Бедным войду я – выйду богатым.
Бедным войду... выйду богатым...
 
   Было ясно: Норик выпевал-рассказывал свою жизнь. Но повторял он при этом только одно песенное коленце.
   Правда, повторял на все лады, со всеми мыслимыми и немыслимыми оттенками:
 
Бедным войду? Бедным войду, ух!
Бедным войду – так выйду богатым!
 
   Вздрагивая в сырой одежде, я шел и отгонял от себя ненужные мысли. А они, эти мысли, вертелись вокруг одного и того же:
   «Жизнь – вход. Смерть – выход. Бедным войду. А выйду ли богатым?.. И кто, если правду сказать, лучше: мы, говнюки, мусор до небес громоздящие, или мусорщики (тоже говнюки) – его сжигающие?.. Бедным... Богатым... Бедным войду я...»
   На следующий день я узнал: мусорщика Вадима сбила на Ярославском шоссе грузовая машина.
   Тут налетели суматошные дни: долгожеланный, но и какой-то слишком поспешный переезд в Москву, вещи, мебель, документы, грузовая машина.
   За день до отъезда, махнув на все рукой – что уложили, то и увезем, – я вышел пройтись по поселку. У еще недавно обугленного, а два дня назад так даже и до последней деревяшки выгоревшего дома, стояли несколько мужиков. Они смотрели, как две незнакомые женщины выламывают из фундамента кирпичи, складывают их в мешки, волоком оттаскивают к легковушке-пикапу. Рядом с мужиками, утратив былую немоту и косноязычность, по привычке чуть поплевывая и помахивая руками, тупцевал Нормалек. Он взахлеб о чем-то мужикам рассказывал. Те его не слушали. Им гораздо интересней было глазеть на молодых «интелихэнтных» баб, выламывавших фундамент для дачи.

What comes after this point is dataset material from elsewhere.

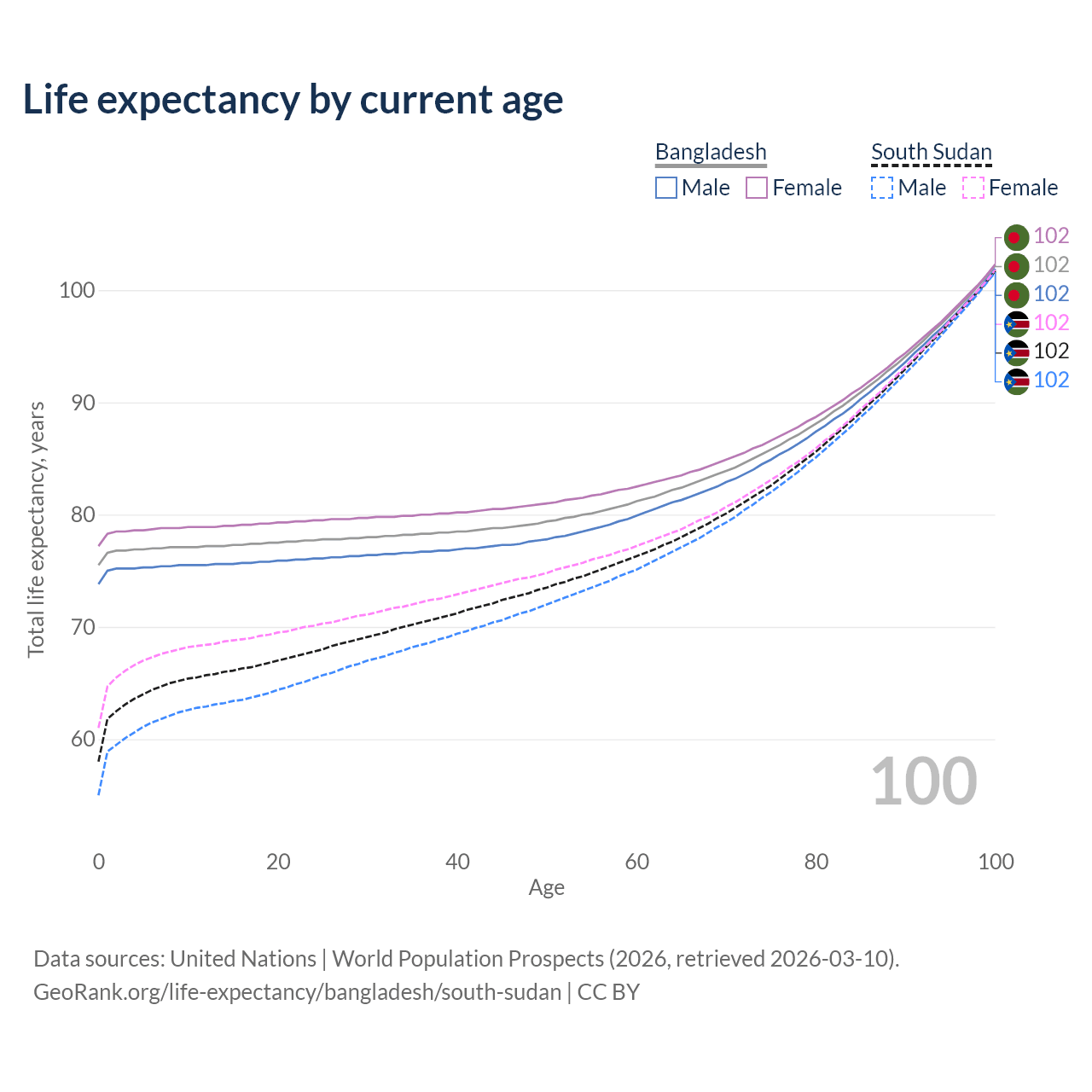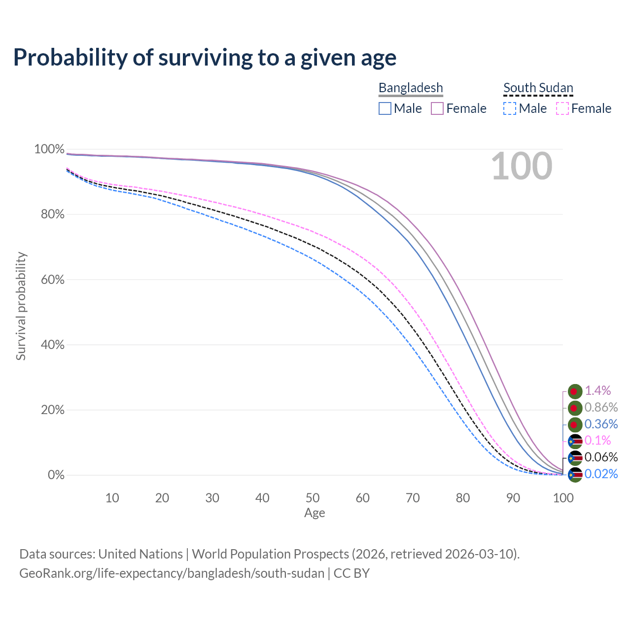 This life expectancy calculator shows the odds of living to 100, 95, 90, and below based on current age for both males and females in Bangladesh and South Sudan, along with mean and median age of death. The calculations are based on the 2026 life tables (actuarial tables) from the UN World Population Prospects.

   – Рука с неба спустилась! Ну! И толкнула! Ну! А потом и совсем прибрала! – захлебывался Норик. – Така больша рука! В синий нарукавник просунута. И пальцы на той руке – без ногтей!
   Я стоял столбом.
   Поразило не то, что Нормалек жив (а говорили – мертв) и не то, что он так раскричался-разговорился. Поразила его одежда: чистая, новая. Одежда не мусорщика, одежда завернувшего на часок в наш неблизкий поселок – может, сдуру, а может, и по надобности – представителя серьезной московской фирмы...
   Оказалось: насмерть был сбит машиной отец Нормалька, тоже Вадим. Отсюда и путаница.
   Нормалек все кричал про руку, которая опустилась сверху, щелкнула по лбу отца и тот упал, а машина его и переехала. Потом вдруг как-то странно затих, засморкался, поднес руки к лицу. Новая роскошная одежда его явно смущала. Он заметил мой взгляд, стал бормотать: «а что? купил, не украл, деньги мои, не отцовские...»
   Вдруг, видно собравшись с духом, давясь слюной и выплевывая ее между словами, он два раза подряд крикнул:
   – Бабло – побеждает зло! Бабло – побеждает зло!
   Я развернулся, медленно побрел восвояси. Потом все-таки не выдержал, глянул назад: Нормалек как раз заканчивал плевать мне вслед. Чтобы это дело скрыть, он раззявил рот пошире, втянул в себя воздуху и завел свое привычное:
 
Бедным войду я, а выйду богатым...
 
   Тут из-за спин мужиков вывернулась мать-пьянчужка, толкнула Норика в спину.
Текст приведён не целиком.